Creates a new table and specifies its characteristics. While creating a table, you optionally specify aspects such as:
- Whether the table is internal or external
- The columns and associated data types
- The columns used for partitioning the data.
The general syntax for creating a table and specifying its columns is as follows:
Explicit columns definition
Creating dataspaces - Explicit columns definition
CREATE [EXTERNAL] [DIMENSION] [TEMPORARY] TABLE [IF NOT EXISTS] [mydb_name.]my_fact (col_name data_type [ , <col_name> <col_type> ] [ , <col_name> AS <expr>] [, INDEX [IndexName] (col_name ,Agg(col_name))] ) [PARTITIONED BY (<col_name>, ...)]
Using a Select Statement
CREATE [DIMENSION] [TEMPORARY] TABLE [IF NOT EXISTS] [mydb_name.]my_fact AS select_statement
Implicit columns definition (allows synchronizing with database source)
The purpose of this command is to create a dataspace (with partitions) and uses the INDEXIMA command synchronize to load all partitions from the external data source not present the Indexima dataspace.
Such dataspace creation method can be used to collect all column names.
CREATE [EXTERNAL] [DIMENSION] TABLE [IF NOT EXISTS] [mydb_name.]my_fact FROM my_hive_table IN 'jdbc:hive2://my_JDBC_database_connection:my_JDBC_port' ([INDEX [IndexName] (col_name ,Agg(col_name))]) [PROPERTIES ('timestamp.precision' = 'XXX')]
used to indicate that this dataspace does not have an index.
[EXTERNAL]: Internal and external tables
By default, Indexima creates an "internal" table, where Indexima manages the underlying data files for the table, and physically deletes the data files when you drop the table.
If you specify the EXTERNAL clause, row data would not be duplicated in the indexima warehouse: Only hyperindexes would be stored in the indexima warehouse.
defines a table that would be deleted at the next restart.
[IF NOT EXISTS]
Instructs INDEXIMA parser to create the dataspace only if this dataspace does not already exist.
mydb_name defines the schema where the table will be created into. When not specified, the table will be created in the default schema.
INDEXIMA supported SQL data types are:
- DECIMAL(precision, scale),
Computed columns [ , <col_name> AS <expr>]
Any Expression using indexima built-in functions
INDEXIMA supports the following aggregations:
When creating a partitioned table, the partition key columns must already be listed in the column name list.
Partitions in Indexima are only logical. They would allow deletion of a dataset of the table without removing all data of the table.
defines additional properties related to the created table
Allow the user to define a timestamp precision that is different from the rest of the cluster (defined in galactica.conf by timestamp.precision)

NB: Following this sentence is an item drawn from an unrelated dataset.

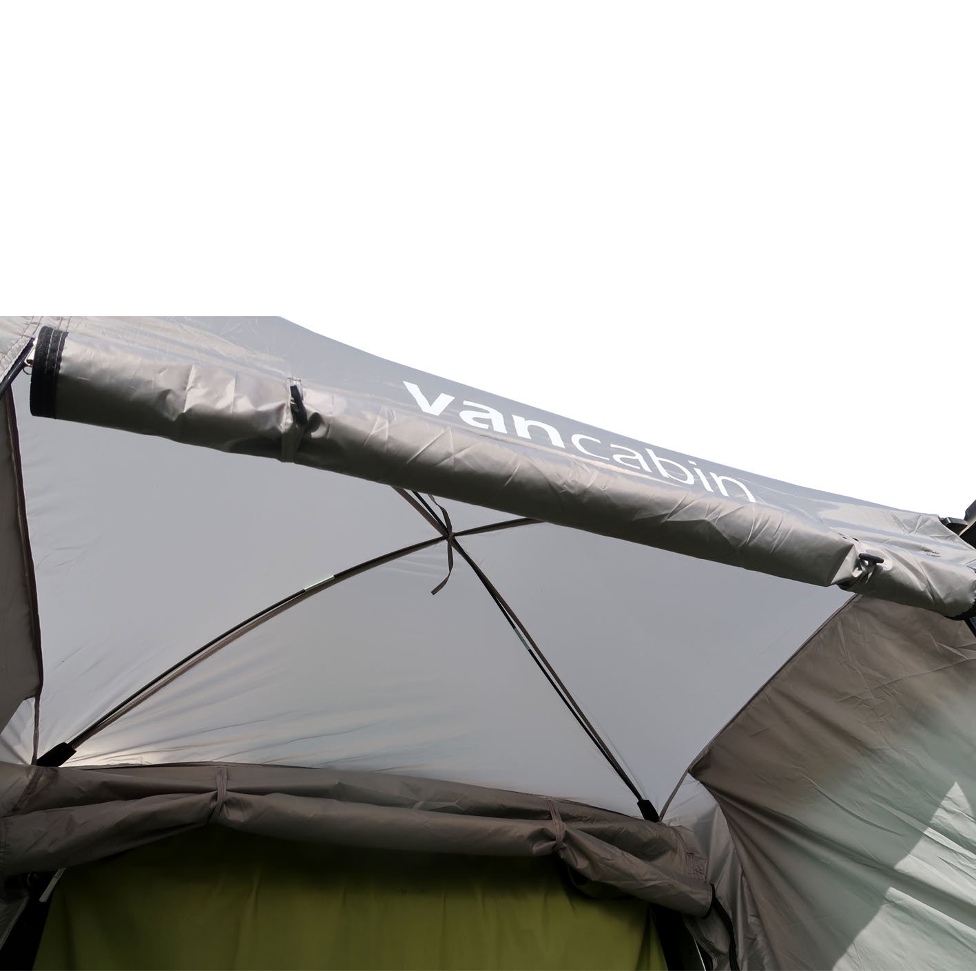 Il tetto della tenda è stato disegnato per includere due bacchette che aumentano l’altezza dello spazio interno della tenda. Questa soluzione offre il vantaggio di poter utilizzare la tenda con tavole da surf, degli sci e altri elementi voluminosi. Permette inoltre appendere il soffione della doccia o una lampada nel caso sia necessario.
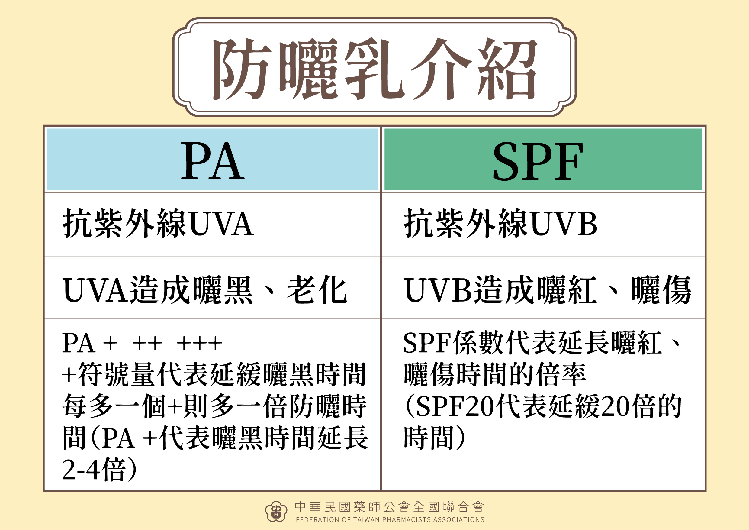 藥師公會中藥發展委員會副主委王儀絜解釋:「紫外線波長分為 UVA、UVB、UVC 主要是前兩者容易對人類產生影響,像是 UVA 容易讓人曬黑、老化、造成曬斑;UVB 則會造成曬傷、曬紅。」為對抗 UVA 的產品防曬係數都是PA+、PA++、PA+++,每多一個 + 則多一倍防曬時間;對抗 UVB 則是用 SPF 係數,此係數代表延長曬紅、曬傷的倍率,若 SPF 20 代表延緩 20 倍時間。

Fact dataspace vs Dimension dataspace
INDEXIMA differentiates behavior and usage of dataspaces created with or without hyperindex.
Dataspaces created with hyperindex are called Fact dataspace.
- Hyperindex can be added/deleted. This action can be done manually or suggested by the INDEXIMA ANALYZER fueled with queries.
- Fact tables can be created without any hyperindex. Such tables are qualified "Limited" tables. The user would be allowed to load/insert a maximum amount of data.
Data of Hyperindexes of fact dataspaces are equally split into each indexima node.
Dimension dataspace don't and won't contain any hyperindex. A Dimension dataspace is used to help to solve queries that contain joins.
Data of a dimension dataspaces is duplicated in each indexima node.
It behaves as a DIMENSION dataspace that has a limited lifetime: this table would not be persisted when a restart of the INDEXIMA cluster occurs.
CREATE TABLE IF NOT EXISTS indexima_bench.nyc_yellow ( vendor_name string, Trip_Pickup_DateTime TIMESTAMP(minute), Trip_Dropoff_DateTime TIMESTAMP(minute), Passenger_Count int, Trip_Distance double, Start_Lon double, Start_Lat double, Rate_Code string, store_and_forward string, End_Lon double, End_Lat double, Payment_Type string, Fare_Amt double, surcharge double, mta_tax double, Tip_Amt double, Tolls_Amt double, Total_Amt double, tripduration_minute AS round((unix_timestamp(Trip_Dropoff_DateTime)-unix_timestamp(Trip_Pickup_DateTime))/60), speed_miles_per_hour AS if(TripDuration_Minute>0, round(60*Trip_Distance/TripDuration_Minute,3),-1), speed_miles_per_minute AS if(TripDuration_Minute>0, round(Trip_Distance/TripDuration_Minute,3),-1), start_lon_round3 AS round(Start_Lon,3), start_lat_round3 AS round(Start_Lat,3), end_lon_round3 AS round(End_Lon,3), end_lat_round3 AS round(End_Lat,3), index(year(Trip_Pickup_DateTime),month(Trip_Pickup_DateTime),day(Trip_Pickup_DateTime),vendor_name,sum(Total_Amt)) );